● **What the task asks**
This task calls for the lines below starting at the one containing "alte Ansichtskarte, ungelaufen, rückseitig" and ending at the one containing "Con vistas y", repeated exactly with both ends kept and pictures left out.

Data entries
··········

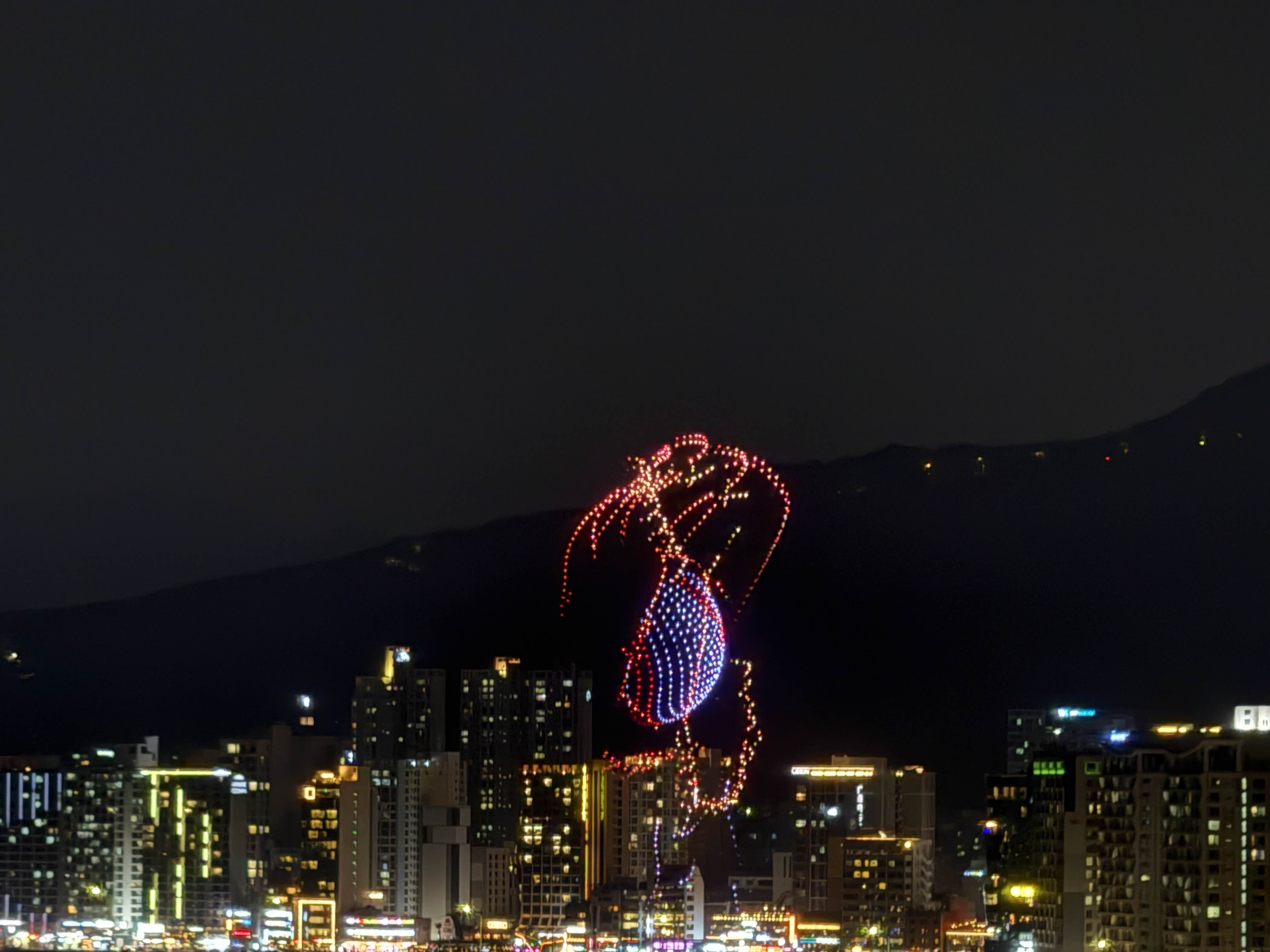 밤산책을 끝내고 리조트 근처에 도착하니 드론쇼가 한창.
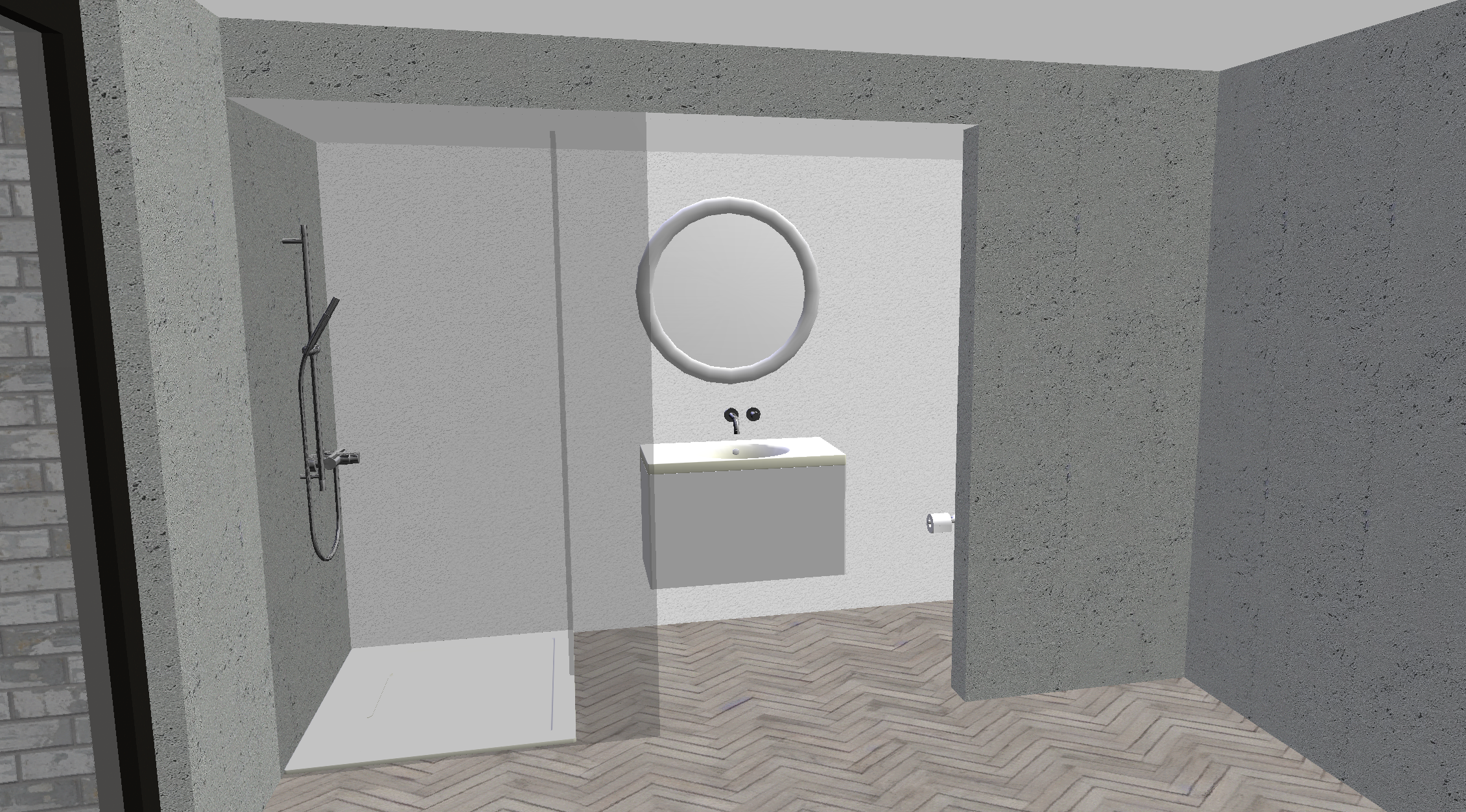 genau dieses rendering berarbeiten fotorealistisches innenraum foto exakt dieselbe perspektive und kameraposition wie das hochgeladene referenzbild 100 identische raumgeometrie exakt gleiche m belanordnung exakt gleiche verlegeart und richtung von parket und platten wie vorlage parket ruhig und hellgrau weiches nat rliches tageslicht raum k nstlich ausleuchten sanfte realistische schatten realistische materialien stoff mit leichten gebrauchsspuren hochwertige oberfl chenreflexionen lavabo komplett aus marmor collemandina grigio in braungrau dunkel lavabo innen ebenfalls collemandina im unterbau im obersten drittel eine griffmulde ber die ganze breite ganzer unterbau in collemandina unterbaum bel mit unterbaubeleuchtung dahinter eine gessi wandarmatur edelstahl vollkommen rahmenloser und hinterleuchteter spiegel mit echten spiegelungen links neben dem lavabo ist die dusche armatur ersetzen mit thermostatmodul axor select 460 90 mit stabhandbrause und grosser brause mit anschluss aus der wand alles in edelstahl geb rstet an der hinteren wand eine nische dellco in box luna in der gr sse 30x30cm mit led licht w nde in der dusche und boden collemandina grigio in braungrau alle sichtbaren w nde sind sichtbeton schwarze steckdose rechts vom lavabo auf gleicher h he wie die armaturen schwarze runde deckenspots im bad und im zimmer parket im zimmer ruhig und hellgrau boden im badbereich collemandina grigio in braungrau links bei der dusche ein grau get ntes durchscheinendes glas fassade aussen aus hellgrauem klinker sehr moderner minimalistischer look nat rliche farbwiedergabe golden hour feeling hell ausleuchten das bild muss wie eine professionelle fotografie aussehen es soll ein echtes und reales foto sein canon eos r5 35 mm festbrennweite f 2 8 hyperrealistisch dslr qualit t raw aufnahme 8k aufl sung extrem scharf perfekte tiefensch rfe professionelle architekturfotografie
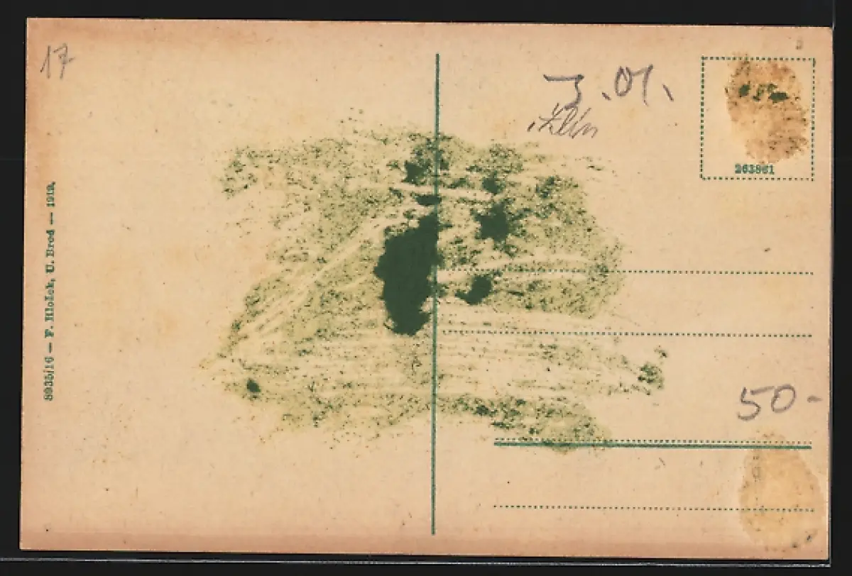alte Ansichtskarte, ungelaufen, rückseitig Klebe- und Papierreste, Stecknadellöcher li. u. re., guter Zustand
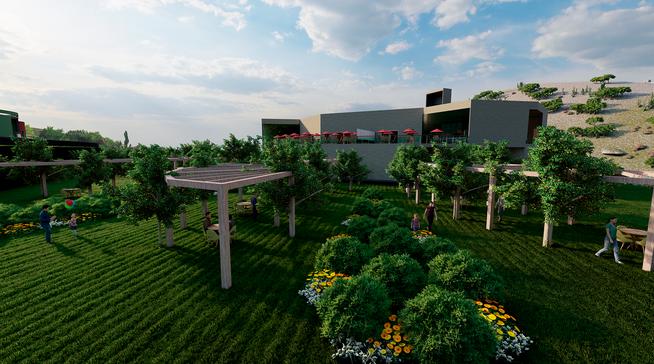 Con vistas y escenarios dirigidos a apreciar el paisaje que rematan con la Peña de Bernal, el hotel se organiza en varios niveles; donde en el nivel mas bajo se desarrolla la mayor parte de la actividad social, como su zona nutrivinicola y espacios recreativos, mientras que en la zona de habitáculos, va incrementando el nivel de las plataformas, para que así, todas las habitaciones puedan gozar de la vista hacia el monolito.
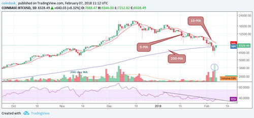 Bitcoin is rallying today, having bottomed out below the $6,000 mark yesterday. As of writing, global average prices on CoinDesk’s Bitcoin Price Index (BPI) are around $8,120. On Coinbase’s GDAX exchange, bitcoin (BTC) moved above $7,944 – the confluence of 200-day moving average (MA) and 5-day MA – earlier today and was last seen changing hands at $8,200
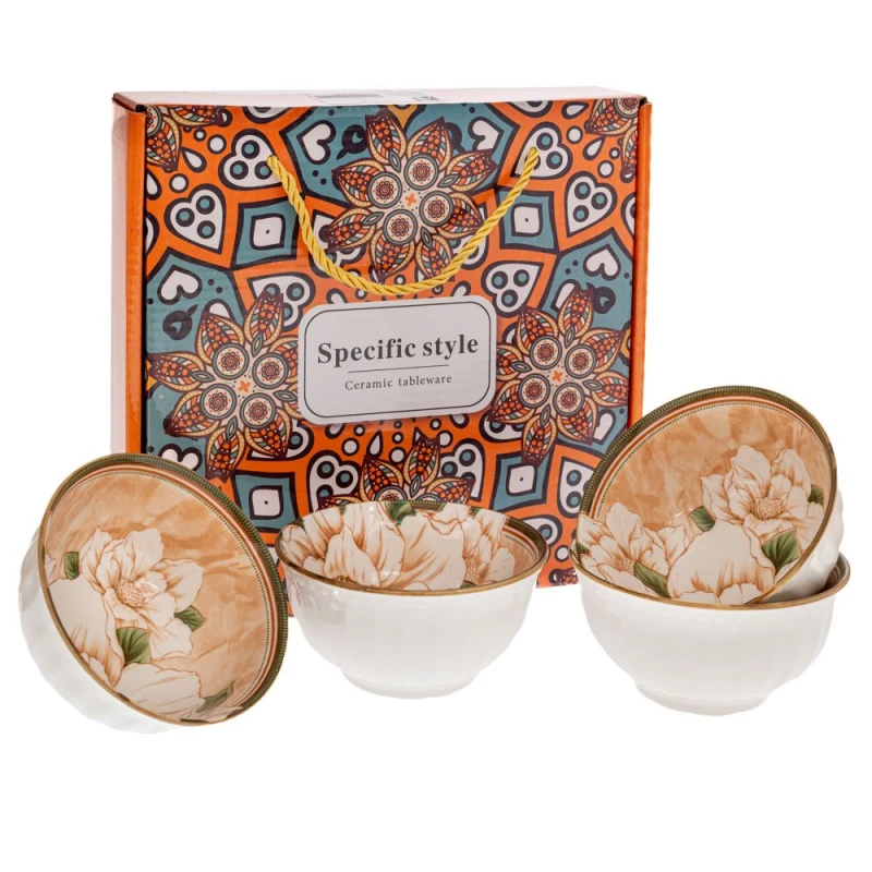 Σετ 4τμχ κεραμικά μπωλ με σχέδιο λουλούδια σε κρεμ χρώμα από την iliadis - Διαστάσεις: 11x6εκ.
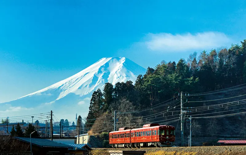 ▲搭上懷舊風的觀光列車盡享富士山絕景。
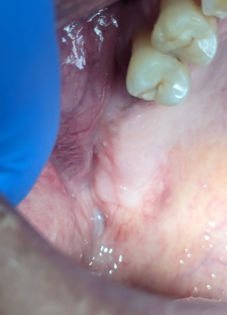 Paciente masculino de 58 años originario de Nacaome, Valle, se presentó en la Clínica de Emergencias de la Facultad de Odontología de la Universidad Nacional Autónoma de Honduras refiriendo 'presión en los dientes' e inflamación posterior a una extracción dental. El paciente indicó ser hipertenso y negó antecedentes alérgicos u hospitalarios. En la exploración extraoral, se determinó la presencia de inflamación crónica en el lado derecho de la cara, dolor irradiado en una escala numérica de tres [3], otitis, edema y adormecimiento facial en la zona.
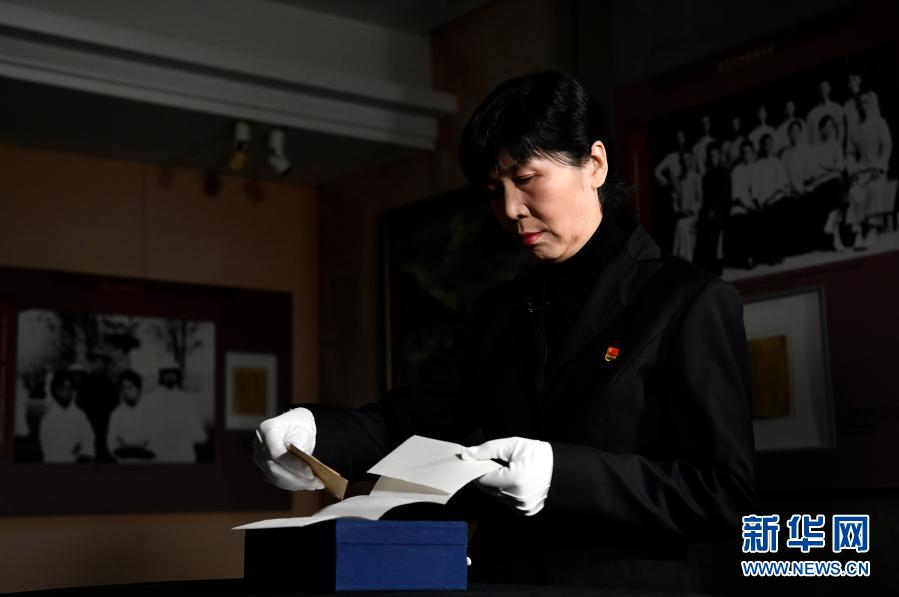 周恩來鄧穎超紀念館陳列保管部副主任李勤從一個藍色小箱子中拿出列席證(2020年12月23日攝)。新華社記者 李然 攝

··········

● **Task output**
alte Ansichtskarte, ungelaufen, rückseitig Klebe- und Papierreste, Stecknadellöcher li. u. re., guter Zustand
 Con vistas y escenarios dirigidos a apreciar el paisaje que rematan con la Peña de Bernal, el hotel se organiza en varios niveles; donde en el nivel mas bajo se desarrolla la mayor parte de la actividad social, como su zona nutrivinicola y espacios recreativos, mientras que en la zona de habitáculos, va incrementando el nivel de las plataformas, para que así, todas las habitaciones puedan gozar de la vista hacia el monolito.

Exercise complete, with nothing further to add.